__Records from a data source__
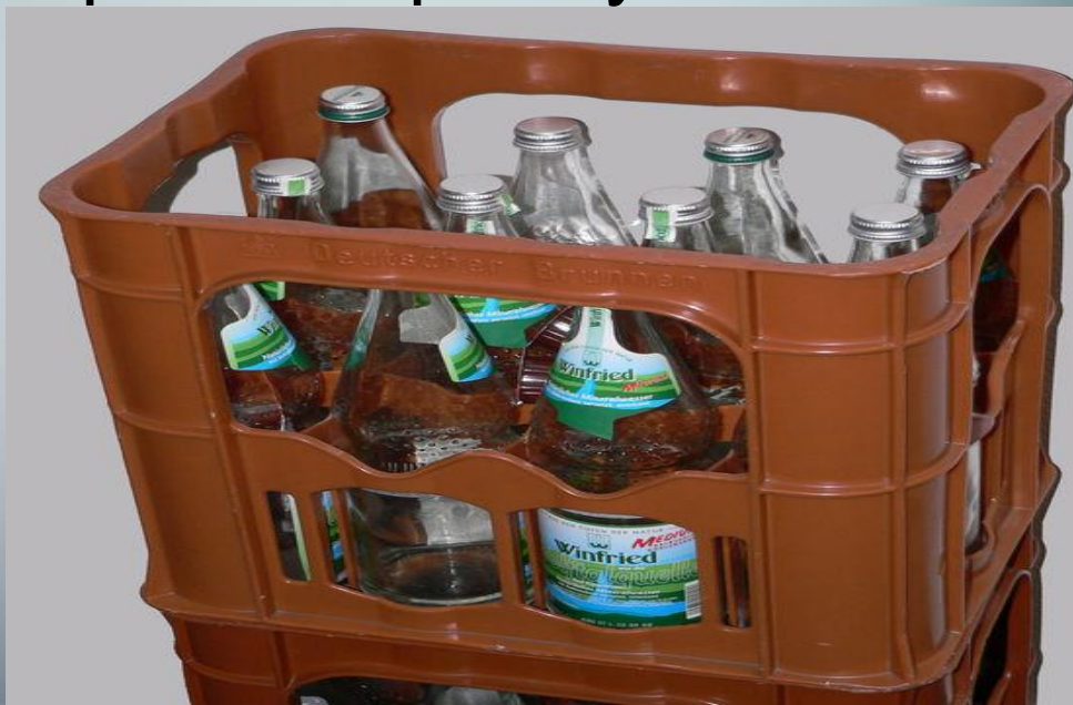
Ящик з поліетилену високої щільності для скляних пляшок
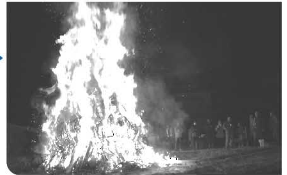
飛び散る火の粉に皆見入っていました（富迫）▶
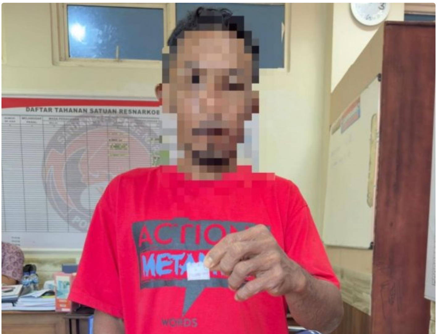
Pelaku Penyalahgunaan Narkotika jenis sabu diringkus dari Desa Lele
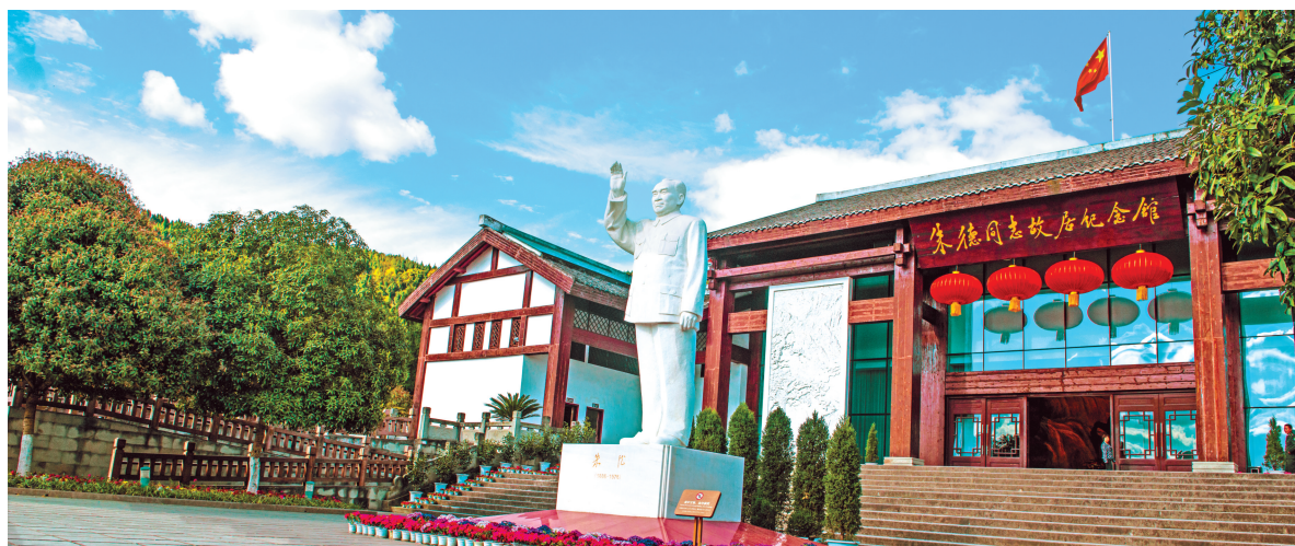
朱德同志故居纪念馆。

2018年到2020年，每年春节，全球华人圈“年味最浓、舞台最大、时间最长、传承最广”的春节文化盛宴，都在春节文化之源阆中上演。打造全国唯一的春节文化主题公园，恢复南津关古镇，阆中水城、阆中赛城等重大文旅项目落地。王皮影成功申报为国家级非物质文化遗产，民俗舞蹈《亮花鞋》压轴亮相央视春晚。
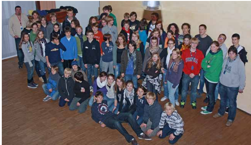
Teilnehmer der Churchnight

Wenn Sie Fragen oder Anmerkungen haben, können Sie sich gerne an Webmaster Ulli Naefken wenden ( www.ulnastudios.com ).
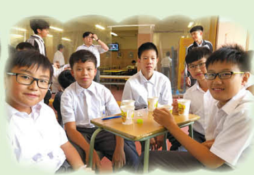
茶室裡，五位展露笑顏的嗜茶少年，續杯數次，只為以茶會友
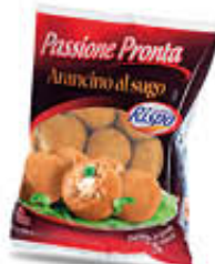
RISPO ARANCINI MEDI 500 GR
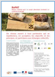
Projet Alimentaire Territorial
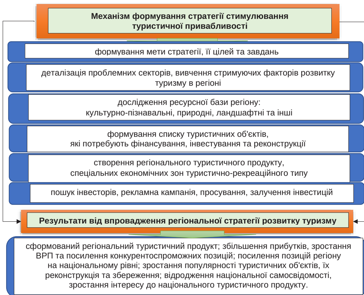
Рис. 1. Механізм формування регіональної стратегії розвитку туризму та її результативність

Слід зазначити, що знаннями необхідно ділитися між регіональними зацікавленими сторонами, оскільки занадто часто партнерські відносини зазнають невдачі через недостатнє розуміння бізнес-факторів один одного. Потужним механізмом
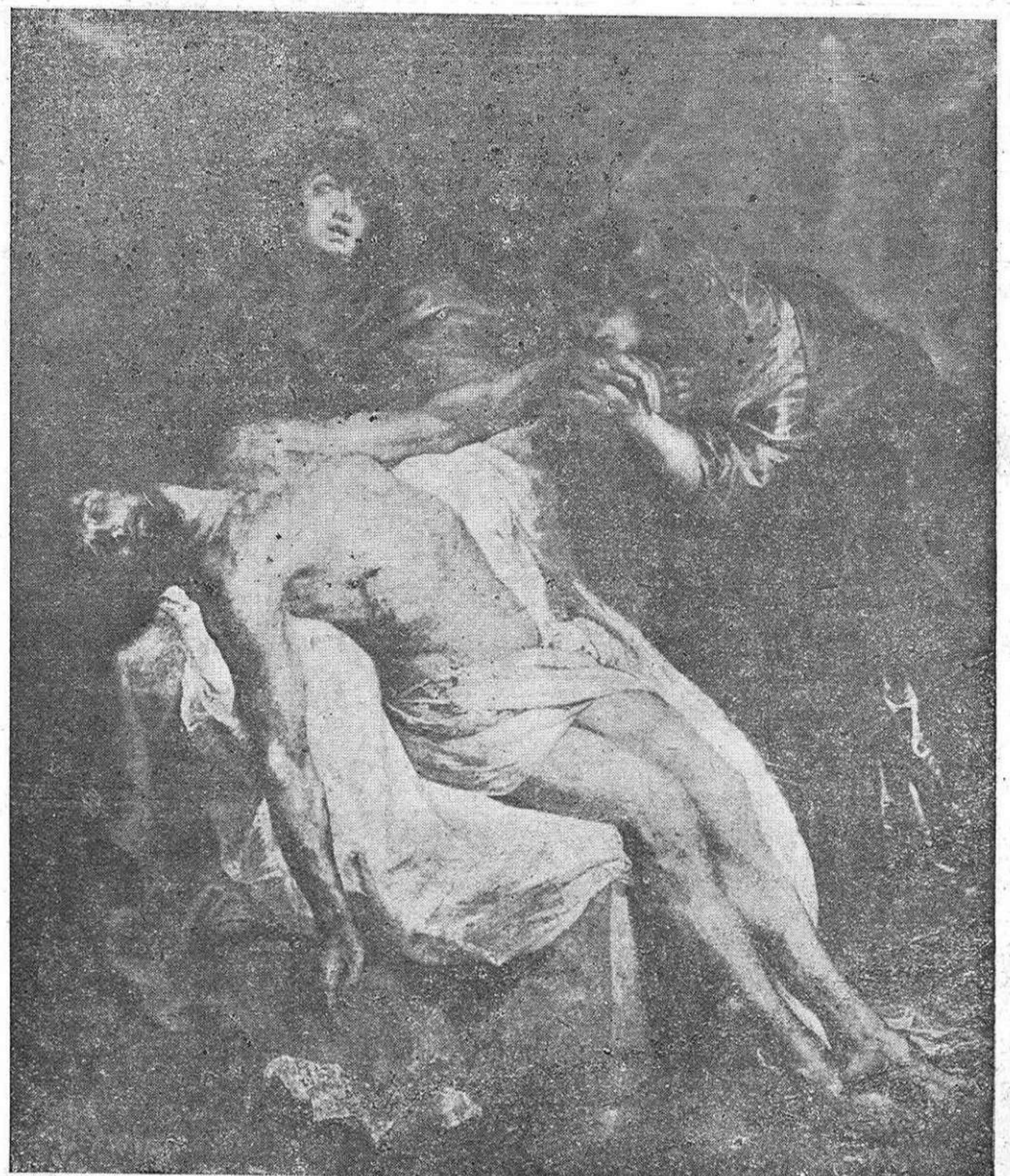
DESCENDIMIENTO (Cuadro de Van Dick)

__What to produce__
Copy exactly the lines from the one containing "Слід зазначити, що" through the final line of the records above, both included, and leave out any pictures.

__Response to the exercise__
Слід зазначити, що знаннями необхідно ділитися між регіональними зацікавленими сторонами, оскільки занадто часто партнерські відносини зазнають невдачі через недостатнє розуміння бізнес-факторів один одного. Потужним механізмом
DESCENDIMIENTO (Cuadro de Van Dick)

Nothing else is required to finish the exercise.